Aim of the exercise
Please copy the data below exactly; none of the pictures in it belong in the copy.

Material provided
'''
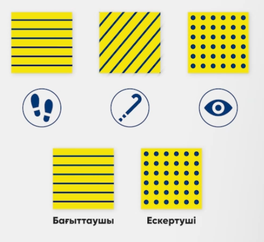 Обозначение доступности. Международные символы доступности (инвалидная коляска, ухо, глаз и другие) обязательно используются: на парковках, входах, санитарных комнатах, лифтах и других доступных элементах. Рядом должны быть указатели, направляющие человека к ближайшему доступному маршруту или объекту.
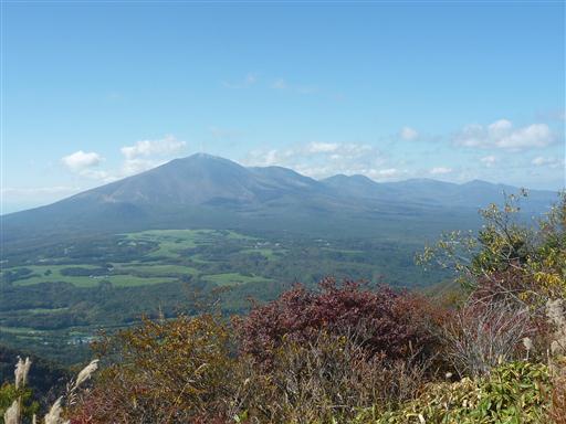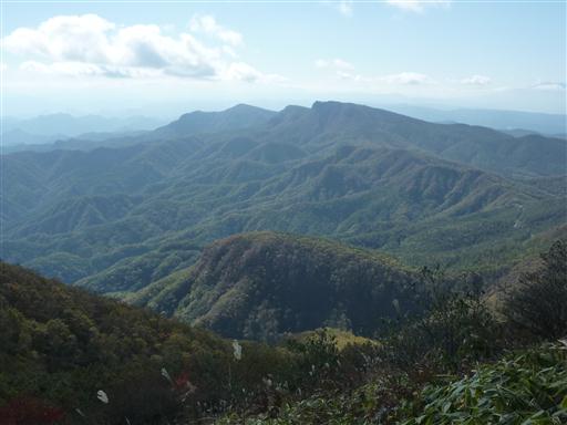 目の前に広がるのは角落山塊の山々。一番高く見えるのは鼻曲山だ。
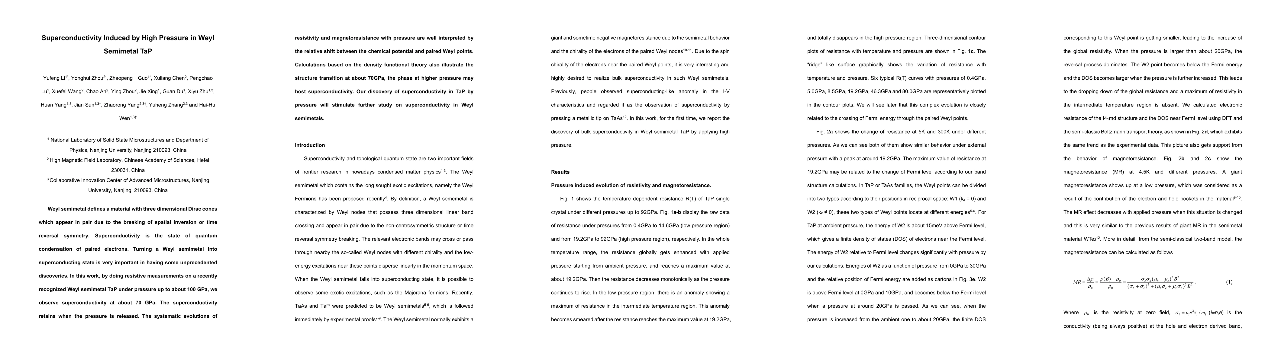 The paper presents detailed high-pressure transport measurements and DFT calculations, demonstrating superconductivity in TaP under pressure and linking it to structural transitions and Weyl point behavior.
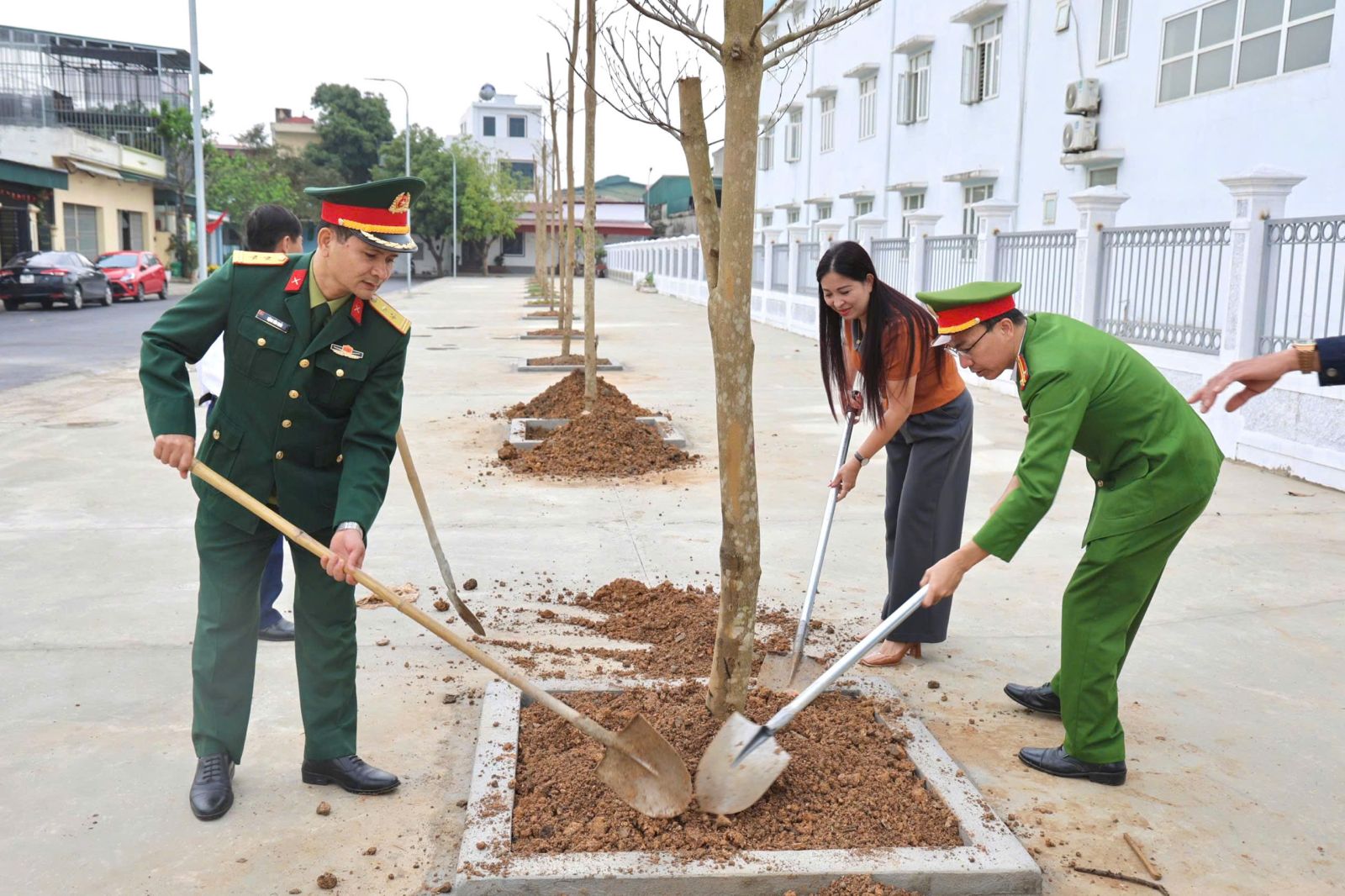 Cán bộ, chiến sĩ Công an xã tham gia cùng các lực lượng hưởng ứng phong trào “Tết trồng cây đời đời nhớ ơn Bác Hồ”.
'''
Answer space
 Обозначение доступности. Международные символы доступности (инвалидная коляска, ухо, глаз и другие) обязательно используются: на парковках, входах, санитарных комнатах, лифтах и других доступных элементах. Рядом должны быть указатели, направляющие человека к ближайшему доступному маршруту или объекту.
 目の前に広がるのは角落山塊の山々。一番高く見えるのは鼻曲山だ。
 The paper presents detailed high-pressure transport measurements and DFT calculations, demonstrating superconductivity in TaP under pressure and linking it to structural transitions and Weyl point behavior.
 Cán bộ, chiến sĩ Công an xã tham gia cùng các lực lượng hưởng ứng phong trào “Tết trồng cây đời đời nhớ ơn Bác Hồ”.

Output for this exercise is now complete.